Update on PostgreSQL 8.3beta1 testing on Solaris

Regarding the CLOG reads happening in my test with PostgreSQL 8.3beta1, the community advised that it could be thrashing the CLOG Buffers resulting on those mutiple reads. Interesting thing that I learned  from the Community that the most current CLOG buffer page is actually pinned (shared) but the remaining CLOG Buffers are used for caching old pages. So the recommendation was to change NUM_CLOG_BUFFERS from default 8 to 16 in clog.h in the source code and recompile PostgreSQL 8.3beta1.


I tried the change and yes it certainly seems to almost take out all the reads that I was seeing on the CLOG files. The downside is that it requires re-compilation of PostgreSQL.  If one does not want to recompile postgresql, then my earlier workaround still works in reducing the pain on the disk.

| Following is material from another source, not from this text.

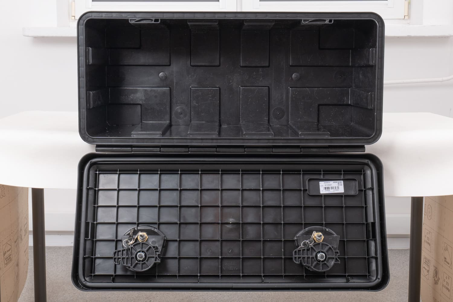 La scatola è realizzata in polipropilene e nylon di alta qualità, ulteriormente rinforzata con nervature, che ne aumentano la durata e la resistenza ai danni meccanici. Il materiale offre un'eccezionale protezione contro fuoco, acqua, polvere, carburante, raggi UV e temperature estreme , rendendola una soluzione ideale per un uso intensivo in condizioni difficili. Il coperchio della scatola è dotato di una guarnizione in gomma che garantisce la massima tenuta, impedendo all'acqua e alla polvere di penetrare all'interno . Questo design protegge efficacemente gli utensili e le attrezzature riposti da fattori esterni dannosi, il che è particolarmente importante in caso di uso intensivo in cantieri edili o in condizioni meteorologiche difficili.

I also tried out the new wal_writer_delay flag. The default is 200ms for now. I tried 100ms and found that I got similar gains as the default. But from what I understand, I am cutting the risk of data loss (not data corruption like fsync=off) from 600ms to 300ms. This does warrant more tests at still lower values but the community is right in asking for more tests for the new flag. 


Now to hit the other bottlenecks.. Hopefully  PostgreSQL 8.3 becomes the tide of change in the expensive world of databases.